The proposed DFFN is used to discriminatively estimate useful frequency information for latent clear image restoration. To demonstrate its effectiveness on image deblurring, we compare the proposed method with two baselines. For the first baseline, we compare the proposed method only using the DFFN (w/ only DFFN for short) and the proposed method only using the original FFN (w/ only FFN for short). For the second baseline, we compare the proposed method with the one that replaces the DFFN with the original FFN in the proposed method (FSAS+FFN). The comparisons of “w/ only DFFN” and “w/ only FFN” in Table 5 show that using the proposed DFFN generates better results, where the PSNR value is 0.36dB higher.
In addition, the comparisons of “FSAS+FFN” and “FSAS+DFFN” in Table 5 show that using the proposed DFFN further improves the performance.
Figure 8 shows the visualization results by these above mentioned baseline methods. Using the proposed DFFN generates better deblurred images, where the windows are recovered well shown in Figure 8(c).
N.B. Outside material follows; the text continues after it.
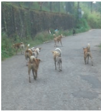
ஹட்டனில் கட்டாக்காலி நாய்களின் பெருக்கத்தைக் குறைக்க சம்பந்தப்பட்ட அதிகாரிகள் நடவடிக்கை எடுக்க வேண்டுமெனவும் பிரதேசவாசிகள் கோரிக்கை விடுக்கின்றனர்.

சுதந்தன்.எம்.ஹோவா ஹட்டனில் கட்டாக்காலி நாய்களின் பெருக்கம் அதிகரித்துள்ளதென பிரதேசவாசிகள் தெரிவிக்கின்றனர். குறித்த கட்டாக்காலி நாய்கள் ஹட்டன் பிரதேசத்தின் அனைத்து பகுதிகளிலும் அதிகரித்து காணப்படுவதாகவும் இதனால் பலரும் அசௌகரியத்துக்கு உள்ளாவதாகவும் உள்ளவதாகவும் தெரிவிக்கின்றனர். கூட்டம் கூட்டமாக கட்டாக்காலி நாய்கள் சுற்றித் திரிவதாகவும் வீதியில் நடந்து செல்பவர்களும் நாய் கடிக்க உள்ளவதாகவும் எனவே,

Effect of the asymmetric encoder-decoder network.
As demonstrated in Section 3.3, the shallow features extracted by encoder module usually contain blur effects that affect the estimations of FSAS. We thus embed it into the decoder module, which leads to an asymmetric encoder-decoder network for better image deblurring. To examine the effect of this network design, we compare the network that puts the FSAS into both the encoder and decoder modules (“FSAS in enc&dec” in Table 6). Table 6 shows that using the FSAS in the decoder module generates better results, where the PSNR value is at least 0.17dB higher. The visual comparisons in Figure 9(b) and (c) further demonstrate that using the FSAS in the decoder module generates better clear images.
|Methods||FSAS in enc&dec||FSAS in dec (Ours)|
|(a) Blurred image||(b) FSAS in enc&dec||(c) FSAS in dec (Ours)|
Motivated by the convolution theorem, we have presented an effective and efficient method that explores the properties of Transformers for high-quality image deblurring. We have developed an efficient frequency domain-based self-attention solver (FSAS) to estimate the scaled dot-product attention by an element-wise product operation instead of the matrix multiplication in the spatial domain, where we show that the spatial complexity and the computational complexity are significantly reduced. We further propose a DFFN to discriminatively determine which low and high frequency information of the features should be preserved for latent clear image restoration. Moreover, we develop an asymmetrical network based on an encoder and decoder architecture, where the FSAS is only used in the decoder module for better image deblurring. By training the proposed method in an end-to-end manner, we show that it performs favorably against the state-of-the-art approaches in terms of accuracy and efficiency.